Sample Data
data =data.frame(id=c(1,1,1,2,2,2,3,3,3,4,4,4),
score=c(5,7,6,9,8,4,NA,11,3,7,NA,10))
So in this example if id has any scores equal to 7 than I want to remove those ids to get a new data frame such as:
data2 =data.frame(id=c(2,2,2,3,3,3),
score=c(9,8,4,NA,11,3))
I tried data[data$score != 7,] but this only works for a row and not the group.
Use subset keeping any group for which !any(x == 7, na.rm = TRUE) is TRUE. This one-liner uses only base R.

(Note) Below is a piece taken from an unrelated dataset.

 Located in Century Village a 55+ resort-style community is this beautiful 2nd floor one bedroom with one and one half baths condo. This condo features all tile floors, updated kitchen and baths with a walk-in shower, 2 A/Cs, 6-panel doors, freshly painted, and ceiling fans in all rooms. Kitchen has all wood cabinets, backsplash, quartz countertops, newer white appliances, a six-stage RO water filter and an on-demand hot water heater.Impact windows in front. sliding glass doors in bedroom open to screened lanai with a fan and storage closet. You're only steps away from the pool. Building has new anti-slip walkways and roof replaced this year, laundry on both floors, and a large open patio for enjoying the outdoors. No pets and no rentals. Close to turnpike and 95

subset(data, !ave(score, id, FUN = function(x) any(x == 7, na.rm = TRUE)))
giving:
id score
4 2 9
5 2 8
6 2 4
7 3 NA
8 3 11
9 3 3
If you would like a solution that doesn't require any packages, you could try:
data[!(data$id %in% data$id[data$score == 7]) , ]
id score
4 2 9
5 2 8
6 2 4
7 3 NA
8 3 11
9 3 3
To explain a bit, the data$id[data$score == 7] bit finds the id when the score is 7. We then use %in% to find a logical vector when the id in our original data frame is one of those things with data$id %in% data$id[data$score == 7]. And then we surround that with ! to remove those ids.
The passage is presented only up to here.